Middle schools include Belvedere and Griffith STEAM Magnet. In 2017, a petition was started to remove the name D. W. Griffith from the East Los Angeles middle school because his 1915 film The Birth of a Nation celebrated the Ku Klux Klan. Griffith who also co-produced The Life of General Villa, a biographical action–drama film starring Pancho Villa as himself, shot on location in Mexico during the Mexican Revolution.

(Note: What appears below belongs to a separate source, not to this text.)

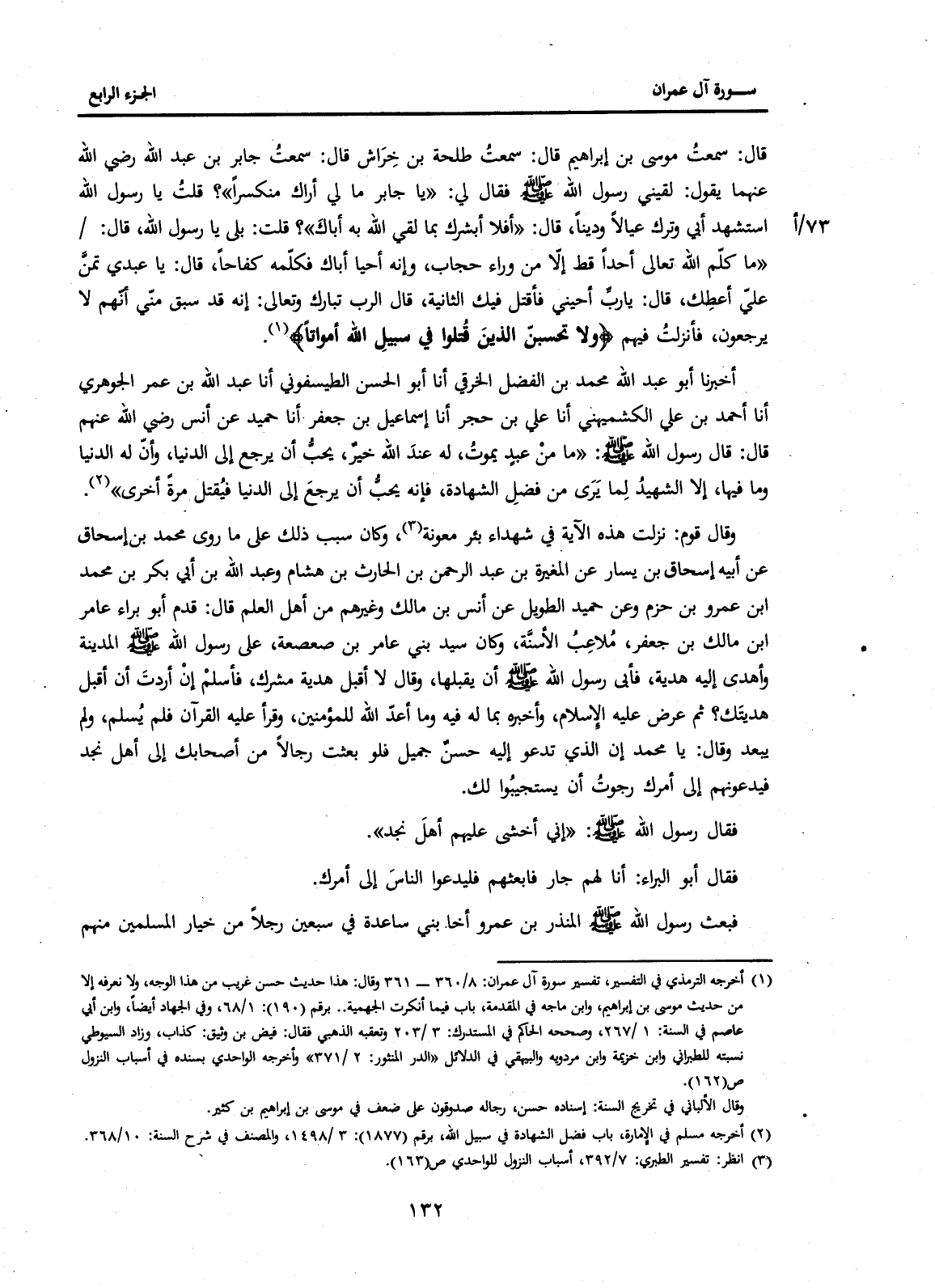 قَالَ: سَمِعْتُ مُوسَى بْنَ إِبْرَاهِيمَ قَالَ: سَمِعْتُ طَلْحَةَ بْنَ خِرَاشٍ قَالَ: سَمِعْتُ جَابِرَ بْنَ عَبْدِ اللَّهِ رَضِيَ اللَّهُ عَنْهُمَا يَقُولُ: لَقِيَنِي رَسُولُ اللَّهِ صَلَّى اللَّهُ عَلَيْهِ وَسَلَّمَ فَقَالَ لِي: "يَا جَابِرُ مَا لِي أَرَاكَ مُنْكَسِرًا"؟ قُلْتُ يَا رَسُولَ اللَّهِ اسْتُشْهِدَ أَبِي وَتَرَكَ عِيَالًا وَدَيْنًا قَالَ: "أَفَلَا أُبَشِّرُكَ بِمَا لَقِيَ اللَّهَ بِهِ أَبَاكَ"؟ قُلْتُ: بَلَى يَا رَسُولَ الله قال: 73/أ "مَا كَلَّمَ اللَّهُ تَعَالَى أَحَدًا قَطُّ إِلَّا مِنْ وَرَاءِ حِجَابٍ، وَإِنَّهُ أَحْيَا أَبَاكَ فَكَلَّمَهُ كِفَاحًا قَالَ: يَا عَبْدِي تَمَنَّ عَلَيَّ أُعْطِكَ قَالَ: يَا رَبِّ أَحْيِنِي فَأُقْتَلُ فِيكَ الثَّانِيَةَ، قَالَ الرَّبُّ تَبَارَكَ وَتَعَالَى: إِنَّهُ قَدْ سَبَقَ مَنِّي أَنَّهُمْ لَا يَرْجِعُونَ فَأُنْزِلَتْ فِيهِمْ {وَلَا تَحْسَبَنَّ الَّذِينَ قُتِلُوا فِي سَبِيلِ اللَّهِ أَمْوَاتًا} (1) .

James A. Garfield High School and Computer Science Magnet is the sole traditional LAUSD public high school in East Los Angeles. Garfield High School opened its doors in 1925, grades 7 through 12. It was a six-year school in which one could earn two diplomas, one from Garfield Junior High School after completion of 9th grade and one from Garfield Senior High School. By the late 1930s, Garfield became overcrowded and a new Junior High School for grades 7 through 9 was built, Kern Avenue Junior High School, located on Fourth Street and Kern Avenue, now called Griffith STEAM Magnet Middle School. Garfield High School participates in the "East LA Classic" against Theodore Roosevelt High School a football game that traditionally draws over 25,000 fans. Ramona Opportunity High School, an alternative all girl public high school, is in East Los Angeles serving grades 7-12. Esteban Torres High School opened in 2010 on the former Hammel Street Elementary School grounds and in former housing developments. There are five autonomous pilot high schools located on the Esteban E. Torres High School campus, part of the Los Angeles Education Partnership's network of partner and community schools. Monterey High School, a continuation high school, serves the needs of at-risk students in the East Los Angeles community.

In 2013 adult education programs from the Eastside Learning Center and East Los Angeles Occupational Center relocated at the East Los Angeles Star Hospital site to form an adult learning center and high school academy. The modified 1929, three-story structure houses the Hilda L. Solis Learning Academy School of Technology, Business and Education (STBE) high school and East LA Star Adult Education

East Los Angeles College (ELAC) was part of unincorporated East Los Angeles before it was annexed by Monterey Park in the early 1970s.

====Charter schools====
Other schools in the area include the Knowledge Is Power Program (KIPP) charter schools Raíces Academy (Grades Transitional kindergarten (TK)-4), Iluminar Academy (Grades TK-4), Sol Academy (Grades 5-8), Academy of Innovation (Grades 5-8). The KIPP is a nationwide network of free open-enrollment college-preparatory schools. The Arts in Action Community Charter Elementary School (Grades TK-5) open and started classes at its new school site in the 2019–2020 school year.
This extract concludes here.